→ **TASK OBJECTIVE**
Please copy every line from the following entries in which the word "cream" appears.

→ **EXERCISE MATERIAL**
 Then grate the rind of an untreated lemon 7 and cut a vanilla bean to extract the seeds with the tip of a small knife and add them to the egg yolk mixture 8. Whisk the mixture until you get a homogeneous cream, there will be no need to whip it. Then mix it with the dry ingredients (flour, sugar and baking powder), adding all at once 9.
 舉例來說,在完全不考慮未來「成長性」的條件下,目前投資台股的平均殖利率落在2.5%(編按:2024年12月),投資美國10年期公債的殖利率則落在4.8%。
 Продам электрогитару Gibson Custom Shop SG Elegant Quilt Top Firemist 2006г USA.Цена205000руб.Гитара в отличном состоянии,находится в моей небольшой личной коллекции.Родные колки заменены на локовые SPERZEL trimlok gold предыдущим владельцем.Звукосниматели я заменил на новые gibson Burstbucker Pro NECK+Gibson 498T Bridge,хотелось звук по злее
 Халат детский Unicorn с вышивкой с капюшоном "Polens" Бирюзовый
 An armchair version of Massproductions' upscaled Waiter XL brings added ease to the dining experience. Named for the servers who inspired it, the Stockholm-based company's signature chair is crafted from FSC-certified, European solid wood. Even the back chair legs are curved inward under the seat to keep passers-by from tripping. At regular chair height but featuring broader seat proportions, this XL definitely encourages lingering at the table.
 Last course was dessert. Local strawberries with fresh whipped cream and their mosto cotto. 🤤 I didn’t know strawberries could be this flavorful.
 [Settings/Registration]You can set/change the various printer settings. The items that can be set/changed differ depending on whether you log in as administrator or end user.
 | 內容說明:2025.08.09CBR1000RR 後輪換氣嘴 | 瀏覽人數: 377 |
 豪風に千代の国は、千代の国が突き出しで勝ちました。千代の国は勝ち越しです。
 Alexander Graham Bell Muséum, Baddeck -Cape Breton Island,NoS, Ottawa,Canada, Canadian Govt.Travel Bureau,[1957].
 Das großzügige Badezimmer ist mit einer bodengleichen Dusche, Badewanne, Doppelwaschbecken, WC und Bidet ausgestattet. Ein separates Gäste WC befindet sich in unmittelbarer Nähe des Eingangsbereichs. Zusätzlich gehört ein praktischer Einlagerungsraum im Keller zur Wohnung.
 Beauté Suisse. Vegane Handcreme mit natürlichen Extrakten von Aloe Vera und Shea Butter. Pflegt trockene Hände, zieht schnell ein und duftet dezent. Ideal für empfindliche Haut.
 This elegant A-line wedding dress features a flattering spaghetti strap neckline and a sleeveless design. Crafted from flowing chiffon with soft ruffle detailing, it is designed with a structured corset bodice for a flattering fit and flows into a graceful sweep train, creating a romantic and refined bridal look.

→ **COMPLETED EXERCISE**
 Then grate the rind of an untreated lemon 7 and cut a vanilla bean to extract the seeds with the tip of a small knife and add them to the egg yolk mixture 8. Whisk the mixture until you get a homogeneous cream, there will be no need to whip it. Then mix it with the dry ingredients (flour, sugar and baking powder), adding all at once 9.
 Last course was dessert. Local strawberries with fresh whipped cream and their mosto cotto. 🤤 I didn’t know strawberries could be this flavorful.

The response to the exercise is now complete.